November 17, 1939
graphite pencil on unlined paper
9 1/2 x 11 3/8 inches
Burchfield Penney Art Center courtesy of the Charles E. Burchfield Foundation, 2000
decided to visit the pitcher-plant bog. I parked the car on the Genesee road, and cut across fields.; It was delightful in the woods north of the bog. I was attracted at once by the numerous moths (small, gray moths about ¾ inches in diameter) – that were fluttering among the trees. They seemed to prefer the bases of the trees, and the trunk for about six or eight feet upward. (was it some special attraction the trees trunk had? or was it warmth).
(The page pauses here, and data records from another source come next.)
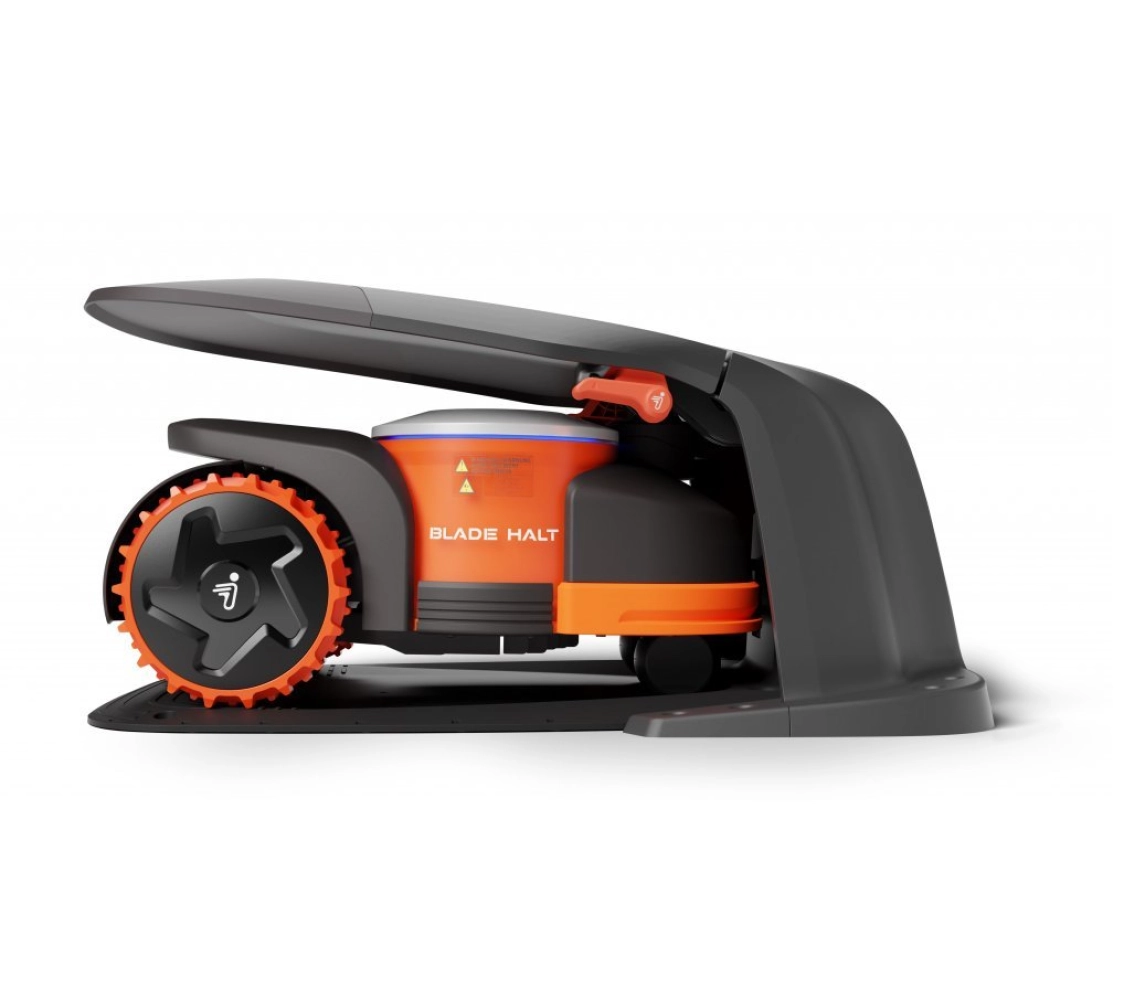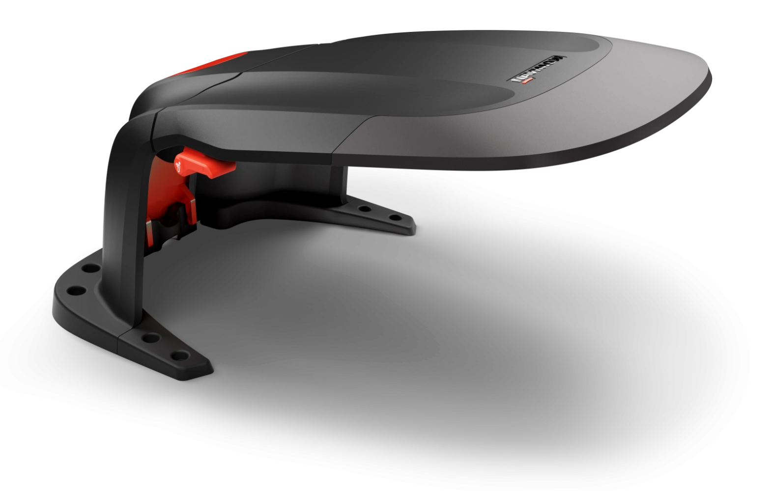 Le garage est fait de matériaux de haute qualité qui résistent aux rayons UV, à la pluie et à la neige. Son dessus articulé permet un accès facile au clavier et à l’écran pour configurer et contrôler la tondeuse. Un trou à l’arrière du garage permet un branchement facile des câbles.
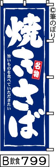 【送料無料】【焼きさば】のぼり旗【キャンセル不可-12営業日以内に発送-ポスト投函】紺に白の目立つ手書き筆文字[799]
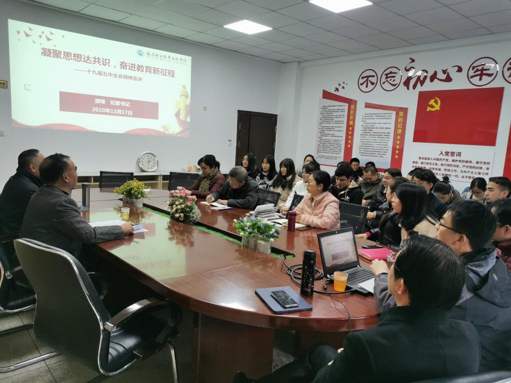 課上,游鋒首先回顧了十九屆五中全會(huì)會(huì)議內(nèi)容,并從“辦學(xué)規(guī)模和質(zhì)量不斷攀升、教學(xué)改革成效顯著、智慧校園基本成型、推進(jìn)校內(nèi)外實(shí)訓(xùn)基地建設(shè)”等四個(gè)方面詳細(xì)闡述了我校教育發(fā)展“十三五”期間取得的顯著成就,最后,立足學(xué)校實(shí)際,結(jié)合高水平職業(yè)院校建設(shè)十大工程重點(diǎn)解讀了學(xué)?!笆奈濉苯ㄔO(shè)發(fā)展計(jì)劃。

Their fluttering was constant, a nervous twinkling of light reminiscent of heart lightening. How quiet the woods – that almost tomb-like stillness of late autumn, broken occasional by the nuthatch call of a nuthatch. The level sunshine streamed thru the trees, filling the air with a spider-web glow of light – ; The bog is like an enchanted place. The very moss one walks on has an eerie quality – Soft and spongey, and seeming to be too fragile to hold one up, it nevertheless does. By stamping I could make the “ground” shake in all directions for almost 15 or 20 feet. On the south edge, in the shade of some pine trees, I found the remnants of an early snow-fall.; Going back to the car (with the sun at my back just “kissing” the distant blue horizon) I felt at peace with god and man. I seemed like the prodigal son.; ; ; ; ______________________; On the 15th Norman More out to seek my advice “as to dealers” – what he really wanted, but had the grace not to ask, was a letter of introduction I suspect, to some dealer.